Photo credit: http://www.flickr.com/photos/magnetbox/3261773180/
Who is going to cure cancer or AIDS? Or who is going to develop the next best technology after Apple, Facebook, or Twitter? Someone will, and that person may be even you. But that is leaving too much to chances, and out of almost seven billion people living in the world today, it is going to be a select few who will claim such successes. So are the rest of us excluded from the exclusive club of individuals who bring cutting-edge solutions to the world’s needs? The simple and true answer is a NO. The individuals who will create the cure for cancer and AIDS are inventors. Invention refers to developing a non-existing product from scratch, either from your own ideas or scientific research. Bill Gates is an inventor: he created Microsoft. Such individuals end up inventing only a few times in their life time. A lot of invention attempts fail and very few succeed. Still, most successful inventions can turn out to be of lesser value to society. It takes many months, years, and decades to invent successfully.
You and I can aspire to be inventors. But there is something else we can do starting today. We can innovate. Innovation is when we use all that is currently existing (most of it invented by others) to fill gaps in ways that have not been done before. We are not creating something from scratch. Instead, we are finding new ways to use what is available to create value in ways not tried before. As innovators, we fill gaps using existing resources that others have not paid attention to.
Everyone can be an innovator. For example, one college student noticed that children from low-income communities were a few grades behind in school compared to their higher-income peers and such education inequality deeply troubled her. At the same time, she saw highly educated college graduates who aspired to serve their communities but ended up taking lucrative jobs because there wasn’t a program that allowed them to tackle education inequality. She identified a large gap: education inequality. She decided to fill that gap with existing but untapped resources: educated college graduates who were qualified to teach. The person’s name is Wendy Kopp, and the teacher corps program is Teach For America. Wendy Kopp is an innovator. She found a way to deploy an existing resource to meet a massive demand. Her innovation has now become a nation-wide organization that has sent over 20,000 qualified teachers to low-income communities.
Innovation can happen anywhere, anytime, and by everyone. But one may ask: how do you actually innovate?
One approach is to follow these simple steps:
1. Think of the world how it ought to be. What will the best school or college look like, or the best community? Look around you and imagine the best possible scenario for your surrounding.
2. Go out and learn what the current situation is. Understand what the problems, challenges, and all the things that are different from what you first imagined. Ask yourself and those around you why those problems exist and persist. Determine what the source of the problems. Identify the discrepancy between how the world is and how it ought to be.

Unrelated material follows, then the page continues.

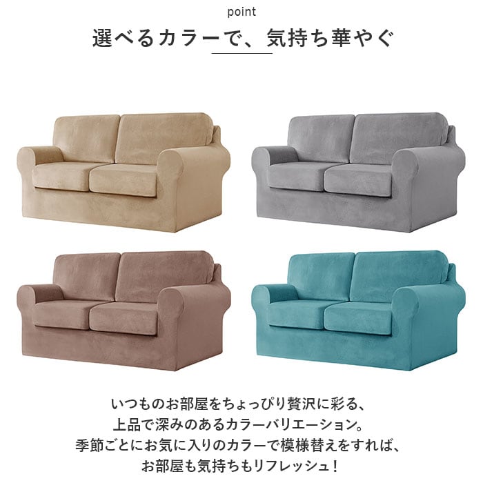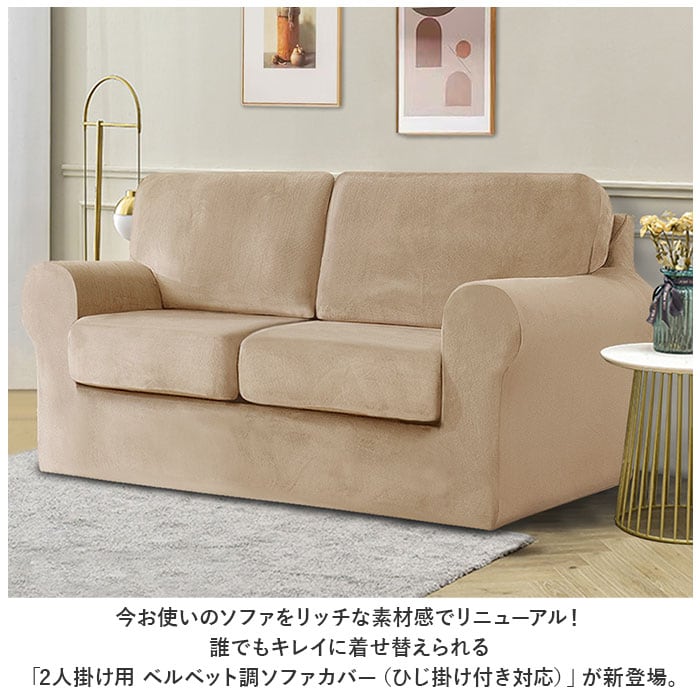 ・今お使いのソファをリッチな素材感でリニューアル!誰でもキレイに着せ替えられる「2人掛け用 ベルベット調ソファカバー(ひじ掛け付き対応)」が新登場。

3. Look for existing resources, knowledge, expertise, activities, and anything within your reach or your friend’s reach that can fill the discrepancy you identified. Often times, such resources are not financial. It could be your time, or information that is available, or materials and resources that are thrown away. You will be surprised that many have not made the connection between these resources and the gaps you have identified.
After these steps, you have recognized a problem and why it exists, you have a possible solution, and you have identified resources within your reach that can address that problem. You are now an innovator. Your next step is to make it happen. Then, you become an entrepreneur.